## What you will do
Among the lines of the listing below, retype exactly those from the one containing "Rok 2010 może" through the one containing "予約受付 11:30 ~", both included. Do not include pictures.

[Records supplied Boundary: Start]

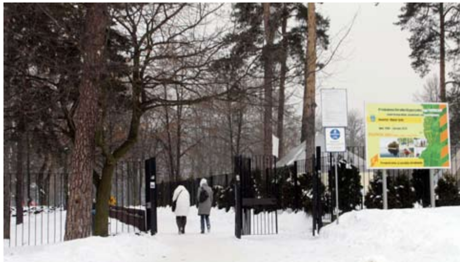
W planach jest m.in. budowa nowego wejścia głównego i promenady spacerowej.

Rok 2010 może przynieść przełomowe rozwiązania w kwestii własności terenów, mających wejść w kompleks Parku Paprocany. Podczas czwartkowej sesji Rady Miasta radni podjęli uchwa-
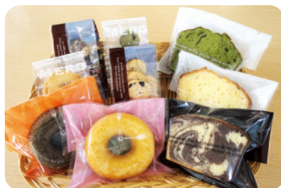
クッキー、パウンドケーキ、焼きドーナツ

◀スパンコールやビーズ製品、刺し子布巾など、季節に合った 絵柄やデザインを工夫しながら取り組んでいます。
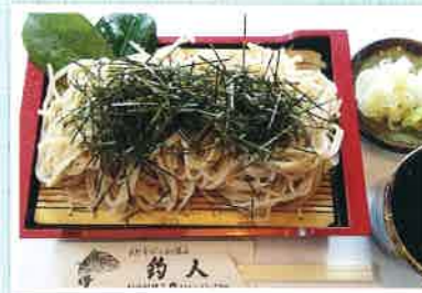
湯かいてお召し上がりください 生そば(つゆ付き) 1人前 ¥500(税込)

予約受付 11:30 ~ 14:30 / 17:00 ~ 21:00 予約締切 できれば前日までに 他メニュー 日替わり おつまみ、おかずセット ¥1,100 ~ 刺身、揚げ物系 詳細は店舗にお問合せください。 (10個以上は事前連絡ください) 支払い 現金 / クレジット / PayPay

[Records supplied Boundary: End]
[Records supplied Boundary: Start]

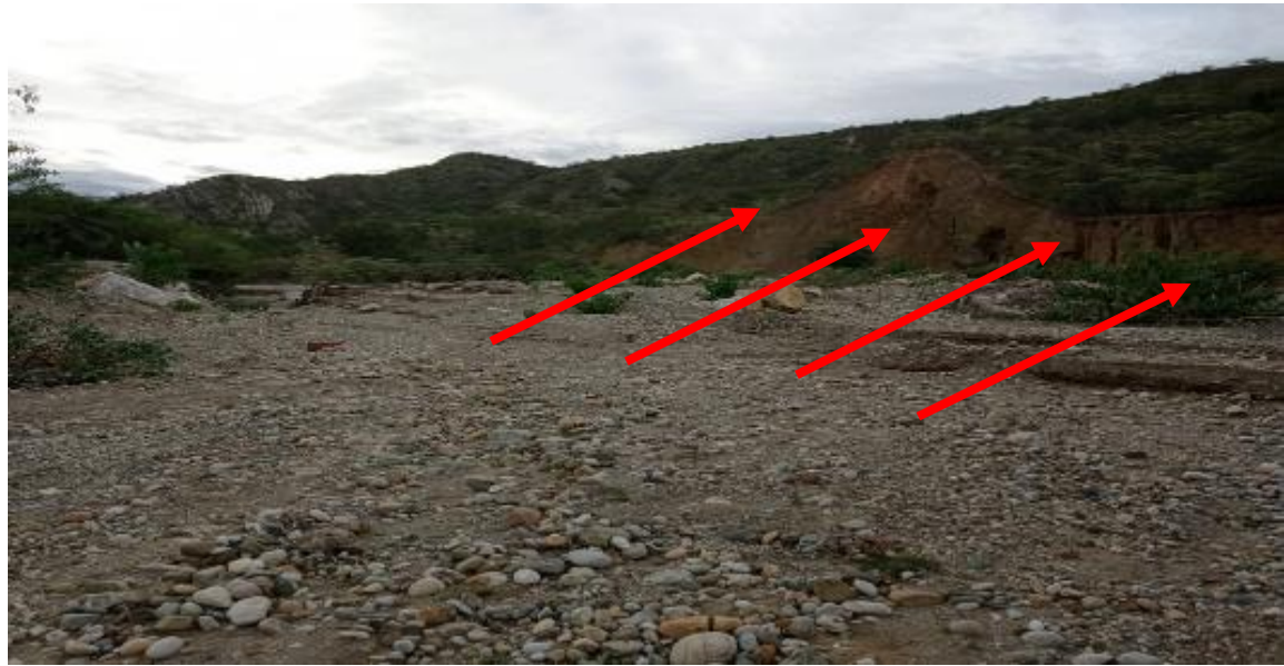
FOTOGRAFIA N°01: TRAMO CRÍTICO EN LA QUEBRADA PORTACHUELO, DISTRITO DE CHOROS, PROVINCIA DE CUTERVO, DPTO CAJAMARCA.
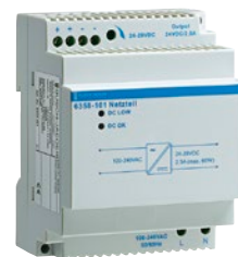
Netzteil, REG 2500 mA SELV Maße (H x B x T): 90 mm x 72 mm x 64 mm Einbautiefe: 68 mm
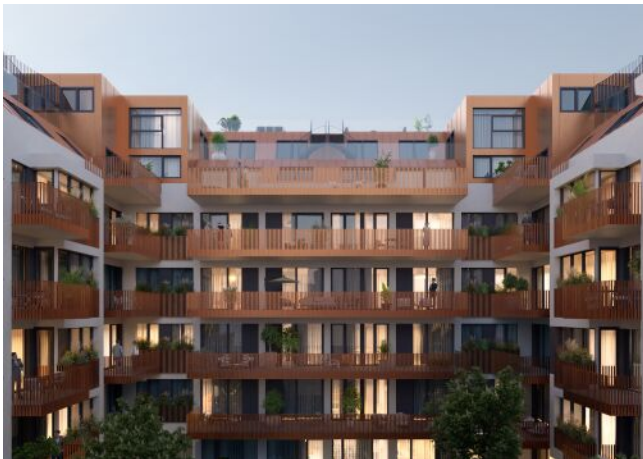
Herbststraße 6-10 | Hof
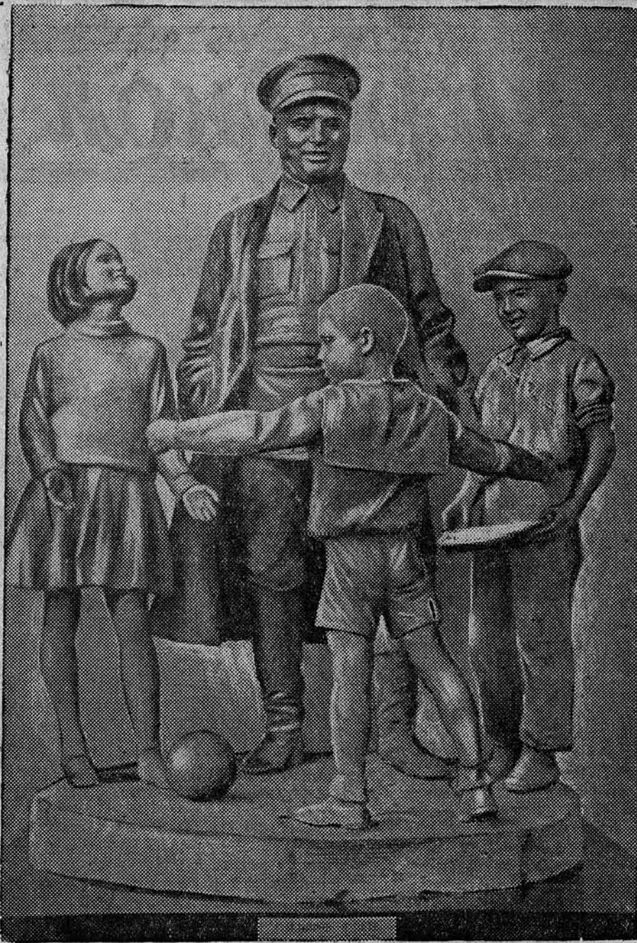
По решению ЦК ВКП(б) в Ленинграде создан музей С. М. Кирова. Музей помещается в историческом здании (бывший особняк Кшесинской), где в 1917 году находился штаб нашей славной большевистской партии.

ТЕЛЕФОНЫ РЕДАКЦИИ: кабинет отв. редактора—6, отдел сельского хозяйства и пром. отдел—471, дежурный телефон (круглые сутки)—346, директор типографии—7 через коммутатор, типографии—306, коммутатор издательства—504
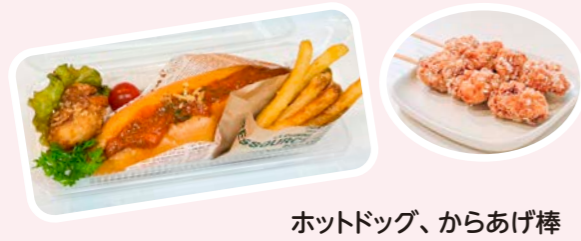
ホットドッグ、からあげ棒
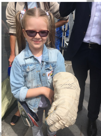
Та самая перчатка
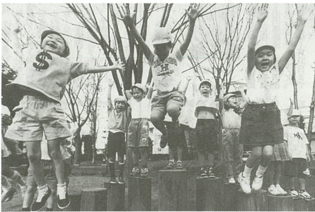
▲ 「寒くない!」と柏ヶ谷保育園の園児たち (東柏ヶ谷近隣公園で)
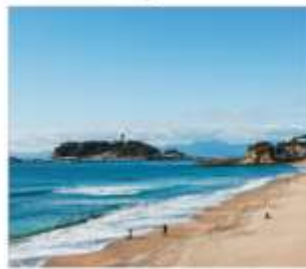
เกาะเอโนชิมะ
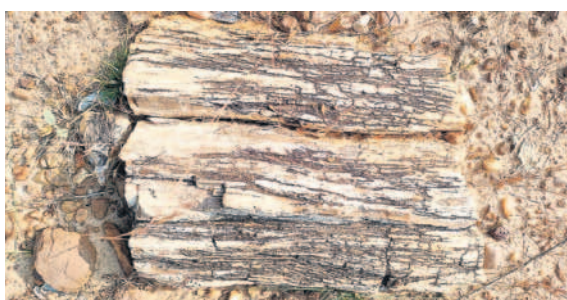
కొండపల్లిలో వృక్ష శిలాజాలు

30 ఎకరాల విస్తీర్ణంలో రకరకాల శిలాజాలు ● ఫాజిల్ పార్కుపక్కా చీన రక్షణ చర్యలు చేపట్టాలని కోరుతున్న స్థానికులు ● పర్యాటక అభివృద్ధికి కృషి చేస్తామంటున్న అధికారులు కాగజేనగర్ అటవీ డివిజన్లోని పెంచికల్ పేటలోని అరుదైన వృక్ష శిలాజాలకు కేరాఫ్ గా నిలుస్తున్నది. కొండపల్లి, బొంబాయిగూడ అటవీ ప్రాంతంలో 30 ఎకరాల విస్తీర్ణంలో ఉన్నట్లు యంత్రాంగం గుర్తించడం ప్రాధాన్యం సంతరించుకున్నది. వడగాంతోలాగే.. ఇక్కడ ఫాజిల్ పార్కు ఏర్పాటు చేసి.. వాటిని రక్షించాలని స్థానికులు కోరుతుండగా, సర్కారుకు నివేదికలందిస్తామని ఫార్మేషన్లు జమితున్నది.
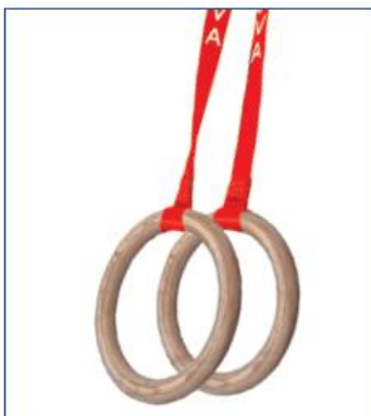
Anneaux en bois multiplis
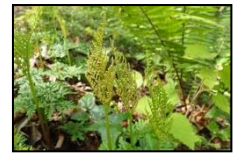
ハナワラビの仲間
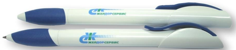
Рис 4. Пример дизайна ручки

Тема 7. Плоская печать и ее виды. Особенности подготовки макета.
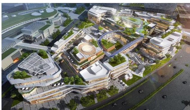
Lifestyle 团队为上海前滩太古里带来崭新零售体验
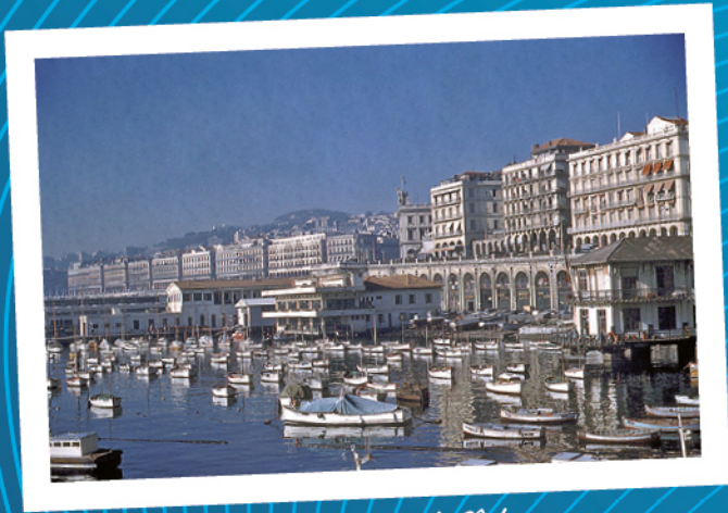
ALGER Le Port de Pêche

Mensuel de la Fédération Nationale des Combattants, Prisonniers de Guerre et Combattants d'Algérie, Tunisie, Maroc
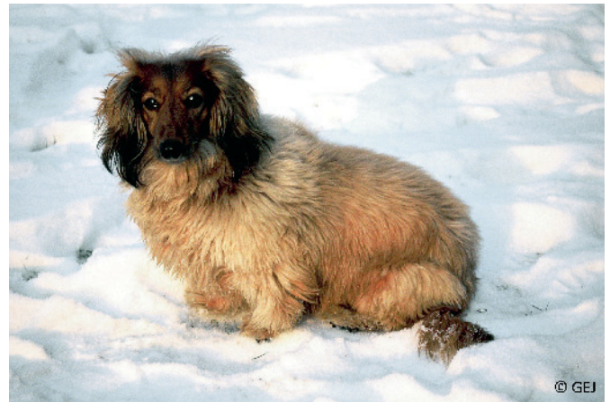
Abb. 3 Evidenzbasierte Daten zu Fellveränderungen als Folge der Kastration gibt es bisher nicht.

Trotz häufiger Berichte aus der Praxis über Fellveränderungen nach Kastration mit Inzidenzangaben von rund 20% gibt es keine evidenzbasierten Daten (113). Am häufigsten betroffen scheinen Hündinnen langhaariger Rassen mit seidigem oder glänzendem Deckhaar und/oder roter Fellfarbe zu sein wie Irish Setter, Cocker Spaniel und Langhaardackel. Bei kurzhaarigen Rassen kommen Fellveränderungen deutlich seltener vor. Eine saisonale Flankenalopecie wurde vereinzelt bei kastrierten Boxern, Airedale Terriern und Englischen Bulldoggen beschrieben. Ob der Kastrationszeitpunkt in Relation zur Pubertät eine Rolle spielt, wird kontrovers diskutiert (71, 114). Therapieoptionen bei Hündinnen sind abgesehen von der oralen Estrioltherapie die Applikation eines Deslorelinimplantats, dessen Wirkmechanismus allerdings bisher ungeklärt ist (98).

[Records supplied Boundary: End]
[Records supplied Boundary: Start]

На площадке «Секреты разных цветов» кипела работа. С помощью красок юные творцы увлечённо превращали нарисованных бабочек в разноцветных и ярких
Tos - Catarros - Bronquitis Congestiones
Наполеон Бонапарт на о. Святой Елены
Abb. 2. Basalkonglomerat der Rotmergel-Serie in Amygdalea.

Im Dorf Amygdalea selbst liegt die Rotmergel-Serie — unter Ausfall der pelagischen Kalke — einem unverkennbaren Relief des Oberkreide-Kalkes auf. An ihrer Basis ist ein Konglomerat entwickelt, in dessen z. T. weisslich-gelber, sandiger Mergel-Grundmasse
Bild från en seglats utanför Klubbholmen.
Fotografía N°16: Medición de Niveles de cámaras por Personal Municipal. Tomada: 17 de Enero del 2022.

[Records supplied Boundary: End]

## Completed task
Rok 2010 może przynieść przełomowe rozwiązania w kwestii własności terenów, mających wejść w kompleks Parku Paprocany. Podczas czwartkowej sesji Rady Miasta radni podjęli uchwa-
クッキー、パウンドケーキ、焼きドーナツ

◀スパンコールやビーズ製品、刺し子布巾など、季節に合った 絵柄やデザインを工夫しながら取り組んでいます。
湯かいてお召し上がりください 生そば(つゆ付き) 1人前 ¥500(税込)

予約受付 11:30 ~ 14:30 / 17:00 ~ 21:00 予約締切 できれば前日までに 他メニュー 日替わり おつまみ、おかずセット ¥1,100 ~ 刺身、揚げ物系 詳細は店舗にお問合せください。 (10個以上は事前連絡ください) 支払い 現金 / クレジット / PayPay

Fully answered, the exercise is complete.